◆ EXERCISE DESCRIPTION
Every line below from the one with "SEMI-OFFICIAL AIR MAILS: PATRICIA" through the one with "Assembleia Geral e" should be retyped exactly, both ends included; no other lines and no pictures.

◆ RECORDS FOR THE EXERCISE
========================================================================
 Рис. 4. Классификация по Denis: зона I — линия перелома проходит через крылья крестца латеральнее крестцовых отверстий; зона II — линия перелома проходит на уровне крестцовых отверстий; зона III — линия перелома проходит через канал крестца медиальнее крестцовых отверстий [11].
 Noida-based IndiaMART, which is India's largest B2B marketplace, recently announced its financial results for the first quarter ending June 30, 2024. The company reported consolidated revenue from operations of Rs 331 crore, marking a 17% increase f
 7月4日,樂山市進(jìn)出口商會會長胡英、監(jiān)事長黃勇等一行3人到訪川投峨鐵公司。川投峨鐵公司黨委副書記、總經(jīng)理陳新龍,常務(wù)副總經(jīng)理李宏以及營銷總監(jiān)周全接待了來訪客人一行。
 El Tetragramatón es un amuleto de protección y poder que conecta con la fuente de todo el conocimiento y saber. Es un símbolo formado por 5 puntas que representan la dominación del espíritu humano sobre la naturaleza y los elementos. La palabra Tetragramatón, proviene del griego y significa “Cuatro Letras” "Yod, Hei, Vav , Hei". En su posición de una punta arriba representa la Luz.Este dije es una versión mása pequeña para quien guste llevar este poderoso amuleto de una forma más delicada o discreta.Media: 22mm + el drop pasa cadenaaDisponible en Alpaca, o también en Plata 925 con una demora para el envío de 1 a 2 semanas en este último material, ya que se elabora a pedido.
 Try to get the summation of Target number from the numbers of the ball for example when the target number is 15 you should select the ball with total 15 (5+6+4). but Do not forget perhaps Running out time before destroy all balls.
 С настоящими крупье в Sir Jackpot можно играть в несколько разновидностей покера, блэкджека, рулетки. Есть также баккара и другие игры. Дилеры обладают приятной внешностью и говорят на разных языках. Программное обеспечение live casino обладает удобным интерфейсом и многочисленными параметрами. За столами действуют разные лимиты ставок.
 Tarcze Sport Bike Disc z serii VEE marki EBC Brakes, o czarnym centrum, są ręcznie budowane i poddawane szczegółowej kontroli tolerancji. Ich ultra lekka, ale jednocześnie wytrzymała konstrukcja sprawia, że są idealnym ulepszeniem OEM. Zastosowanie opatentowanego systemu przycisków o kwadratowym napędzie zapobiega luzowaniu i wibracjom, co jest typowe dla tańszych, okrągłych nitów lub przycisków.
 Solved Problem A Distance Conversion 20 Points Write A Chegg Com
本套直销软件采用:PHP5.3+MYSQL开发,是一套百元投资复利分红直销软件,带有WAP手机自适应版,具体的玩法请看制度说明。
========================================================================
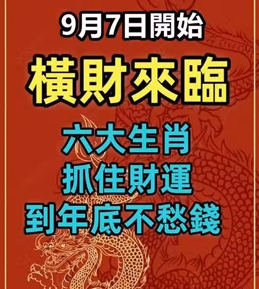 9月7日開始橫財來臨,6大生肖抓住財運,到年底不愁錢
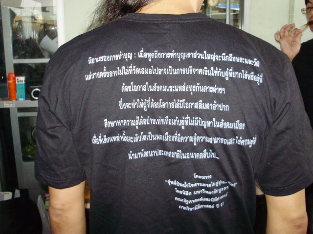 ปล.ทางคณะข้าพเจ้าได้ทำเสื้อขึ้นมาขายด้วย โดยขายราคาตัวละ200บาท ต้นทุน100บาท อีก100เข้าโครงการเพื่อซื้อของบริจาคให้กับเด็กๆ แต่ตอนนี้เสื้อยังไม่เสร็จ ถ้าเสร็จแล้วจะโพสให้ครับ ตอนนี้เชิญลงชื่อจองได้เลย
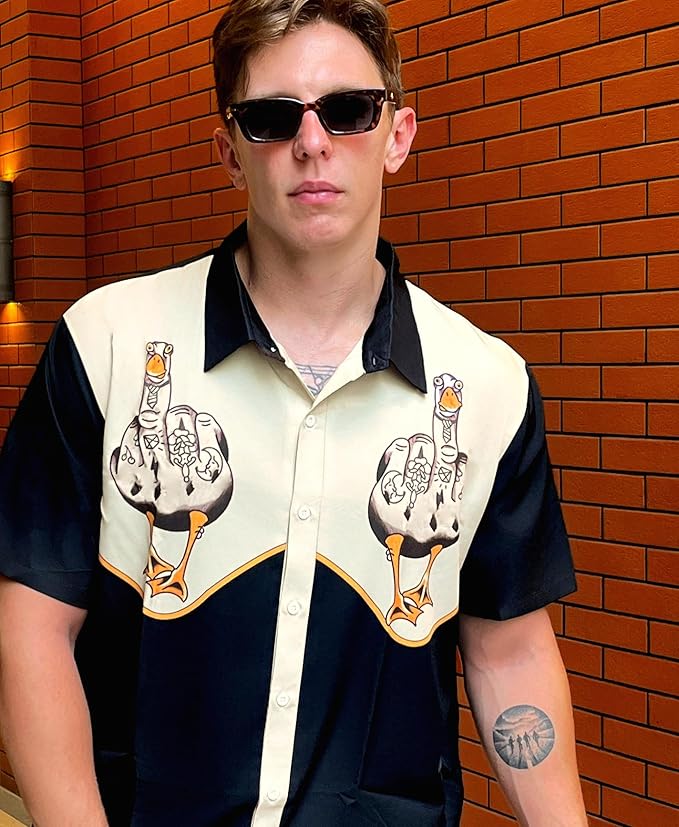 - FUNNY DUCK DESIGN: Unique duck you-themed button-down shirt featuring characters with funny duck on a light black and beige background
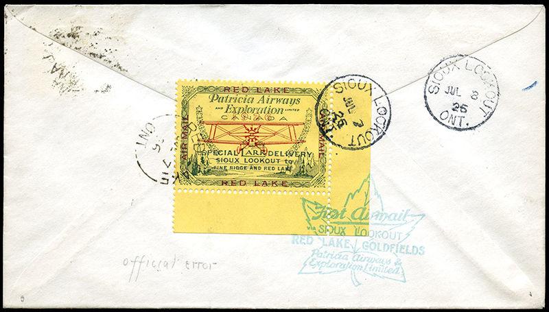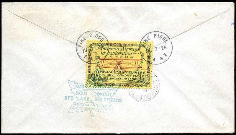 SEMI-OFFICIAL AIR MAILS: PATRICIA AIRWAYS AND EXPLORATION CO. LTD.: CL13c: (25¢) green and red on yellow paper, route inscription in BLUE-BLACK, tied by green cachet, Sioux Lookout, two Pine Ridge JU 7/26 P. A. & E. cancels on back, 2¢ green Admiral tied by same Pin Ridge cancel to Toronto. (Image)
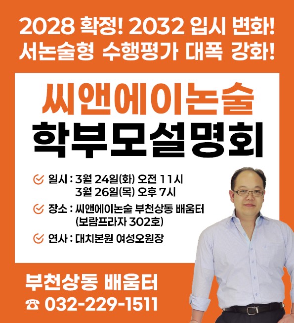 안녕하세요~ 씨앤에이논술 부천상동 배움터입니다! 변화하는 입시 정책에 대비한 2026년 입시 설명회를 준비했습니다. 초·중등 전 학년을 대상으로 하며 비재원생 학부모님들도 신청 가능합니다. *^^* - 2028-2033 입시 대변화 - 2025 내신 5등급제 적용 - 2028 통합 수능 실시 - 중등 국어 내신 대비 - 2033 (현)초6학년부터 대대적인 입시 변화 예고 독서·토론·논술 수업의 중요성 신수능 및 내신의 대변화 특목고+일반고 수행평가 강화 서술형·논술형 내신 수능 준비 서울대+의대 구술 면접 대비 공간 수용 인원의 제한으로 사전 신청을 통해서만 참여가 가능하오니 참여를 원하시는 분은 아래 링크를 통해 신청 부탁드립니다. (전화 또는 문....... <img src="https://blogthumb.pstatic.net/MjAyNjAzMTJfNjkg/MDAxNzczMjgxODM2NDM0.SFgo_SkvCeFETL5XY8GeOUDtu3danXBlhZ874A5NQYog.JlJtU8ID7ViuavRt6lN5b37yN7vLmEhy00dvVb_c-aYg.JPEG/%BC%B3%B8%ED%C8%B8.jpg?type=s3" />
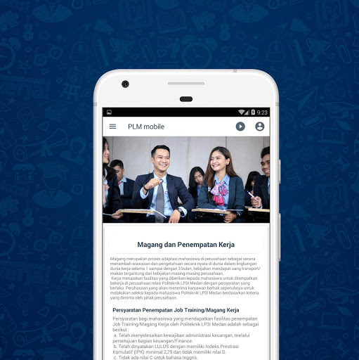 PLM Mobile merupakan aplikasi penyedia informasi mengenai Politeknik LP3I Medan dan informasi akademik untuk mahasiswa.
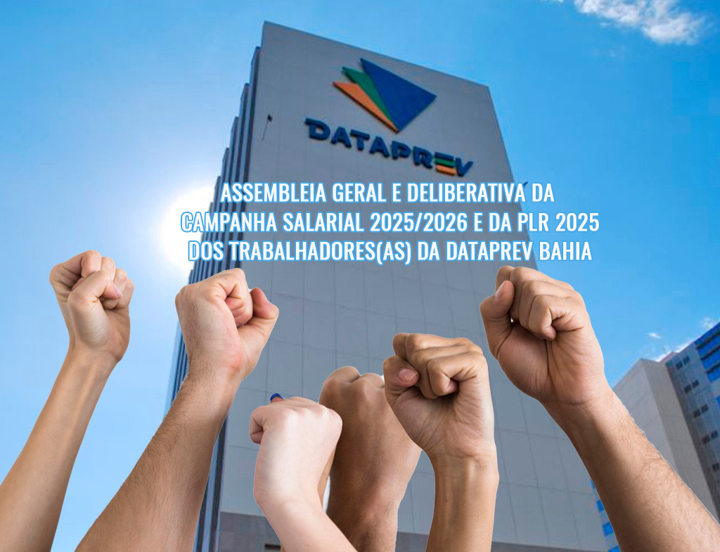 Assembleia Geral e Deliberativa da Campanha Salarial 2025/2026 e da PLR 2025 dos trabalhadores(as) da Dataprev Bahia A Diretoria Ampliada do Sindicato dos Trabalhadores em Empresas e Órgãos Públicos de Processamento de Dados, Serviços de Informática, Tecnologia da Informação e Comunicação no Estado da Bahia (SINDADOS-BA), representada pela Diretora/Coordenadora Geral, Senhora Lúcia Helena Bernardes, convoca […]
========================================================================
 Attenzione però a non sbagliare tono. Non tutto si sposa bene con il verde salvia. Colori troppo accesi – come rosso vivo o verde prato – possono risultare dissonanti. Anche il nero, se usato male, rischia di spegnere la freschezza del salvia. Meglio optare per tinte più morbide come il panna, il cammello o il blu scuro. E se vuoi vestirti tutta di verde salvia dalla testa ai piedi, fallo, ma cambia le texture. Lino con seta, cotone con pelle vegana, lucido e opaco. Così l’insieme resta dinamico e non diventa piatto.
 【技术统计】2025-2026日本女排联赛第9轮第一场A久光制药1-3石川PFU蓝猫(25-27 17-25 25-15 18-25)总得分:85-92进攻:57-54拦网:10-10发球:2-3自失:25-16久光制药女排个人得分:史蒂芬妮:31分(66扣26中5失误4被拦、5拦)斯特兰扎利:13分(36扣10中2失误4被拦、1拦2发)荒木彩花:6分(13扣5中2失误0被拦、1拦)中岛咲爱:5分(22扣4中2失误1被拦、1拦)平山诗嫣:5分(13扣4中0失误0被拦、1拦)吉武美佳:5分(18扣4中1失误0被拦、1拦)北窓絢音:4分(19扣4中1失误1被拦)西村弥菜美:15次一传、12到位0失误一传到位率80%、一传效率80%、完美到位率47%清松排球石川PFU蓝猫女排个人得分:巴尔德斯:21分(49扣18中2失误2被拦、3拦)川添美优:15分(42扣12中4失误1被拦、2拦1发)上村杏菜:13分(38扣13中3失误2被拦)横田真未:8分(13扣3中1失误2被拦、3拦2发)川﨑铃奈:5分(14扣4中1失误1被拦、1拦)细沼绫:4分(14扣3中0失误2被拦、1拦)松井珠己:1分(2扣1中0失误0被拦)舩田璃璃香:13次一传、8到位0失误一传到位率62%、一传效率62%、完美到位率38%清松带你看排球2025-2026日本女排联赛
========================================================================
◆ OUTPUT OF THE TASK
 SEMI-OFFICIAL AIR MAILS: PATRICIA AIRWAYS AND EXPLORATION CO. LTD.: CL13c: (25¢) green and red on yellow paper, route inscription in BLUE-BLACK, tied by green cachet, Sioux Lookout, two Pine Ridge JU 7/26 P. A. & E. cancels on back, 2¢ green Admiral tied by same Pin Ridge cancel to Toronto. (Image)
 안녕하세요~ 씨앤에이논술 부천상동 배움터입니다! 변화하는 입시 정책에 대비한 2026년 입시 설명회를 준비했습니다. 초·중등 전 학년을 대상으로 하며 비재원생 학부모님들도 신청 가능합니다. *^^* - 2028-2033 입시 대변화 - 2025 내신 5등급제 적용 - 2028 통합 수능 실시 - 중등 국어 내신 대비 - 2033 (현)초6학년부터 대대적인 입시 변화 예고 독서·토론·논술 수업의 중요성 신수능 및 내신의 대변화 특목고+일반고 수행평가 강화 서술형·논술형 내신 수능 준비 서울대+의대 구술 면접 대비 공간 수용 인원의 제한으로 사전 신청을 통해서만 참여가 가능하오니 참여를 원하시는 분은 아래 링크를 통해 신청 부탁드립니다. (전화 또는 문....... <img src="https://blogthumb.pstatic.net/MjAyNjAzMTJfNjkg/MDAxNzczMjgxODM2NDM0.SFgo_SkvCeFETL5XY8GeOUDtu3danXBlhZ874A5NQYog.JlJtU8ID7ViuavRt6lN5b37yN7vLmEhy00dvVb_c-aYg.JPEG/%BC%B3%B8%ED%C8%B8.jpg?type=s3" />
 PLM Mobile merupakan aplikasi penyedia informasi mengenai Politeknik LP3I Medan dan informasi akademik untuk mahasiswa.
 Assembleia Geral e Deliberativa da Campanha Salarial 2025/2026 e da PLR 2025 dos trabalhadores(as) da Dataprev Bahia A Diretoria Ampliada do Sindicato dos Trabalhadores em Empresas e Órgãos Públicos de Processamento de Dados, Serviços de Informática, Tecnologia da Informação e Comunicação no Estado da Bahia (SINDADOS-BA), representada pela Diretora/Coordenadora Geral, Senhora Lúcia Helena Bernardes, convoca […]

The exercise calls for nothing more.